Cloud-based GenAI Gateway
This design shows how to use APIM to create a GenAI gateway. It smoothly integrates with AOAI services in the cloud and any on-premises custom LLMs that are deployed and available as REST endpoints. The architecture incorporates elements that are engineered for batch use cases, with the aim of optimizing PTU utilization described here.
Figure 1: Cloud-Based GenAI using APIM |
APIM products and subscription features can enable various Generative AI scenarios in an enterprise. Different products can offer the following different functionalities:
- Creating content.
- Producing embeddings.
- Searching.
Subscriptions allow different teams to access these functionalities.
Key considerations
One important thing to keep in mind with this method is that the gateway component is on the cloud. On the cloud means that the Azure network has to process every request before any of the gateway policies apply.
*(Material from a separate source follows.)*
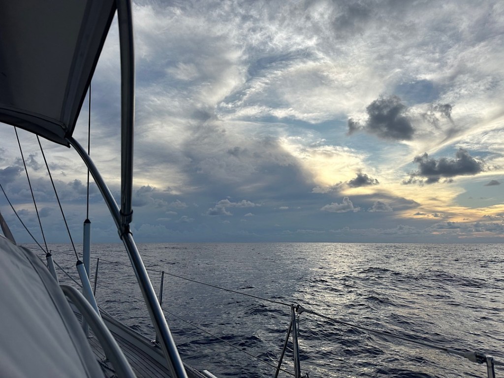 Das Schöne daran: die Vorhersage der Meteorologen tritt ein, das Band löst sich bei unserer Annäherung ganz langsam vor uns auf, die Reste ziehen ab. Sehr schön. Was bleibt, sind natürlich einige Schauer, Winddreher und auch ein bisschen Kabbelsee, vor allem in der Nacht. Und heute können wir entgegen der Erwartung eines ausgeprägten Schwachwindgebietes wiederum (jedenfalls bisher) auch immer wieder längere Abschnitte segeln, bei babyblauem Himmel vor uns und tiefblauem Ozean (und einer dunkelgrauen Wolke hinter uns).

This processing can impact the total latency when other services are running on-premises. Besides that, if there are LLM models deployed on-premises, then the right network setup has to be there to enable inbound connection from the gateway to on-premises network.
On-premises GenAI Gateway using APIM Self-Hosted Gateways
Many enterprises would like to use existing in-house capabilities while also having network constraints to allow inbound connection from Azure to their internal network.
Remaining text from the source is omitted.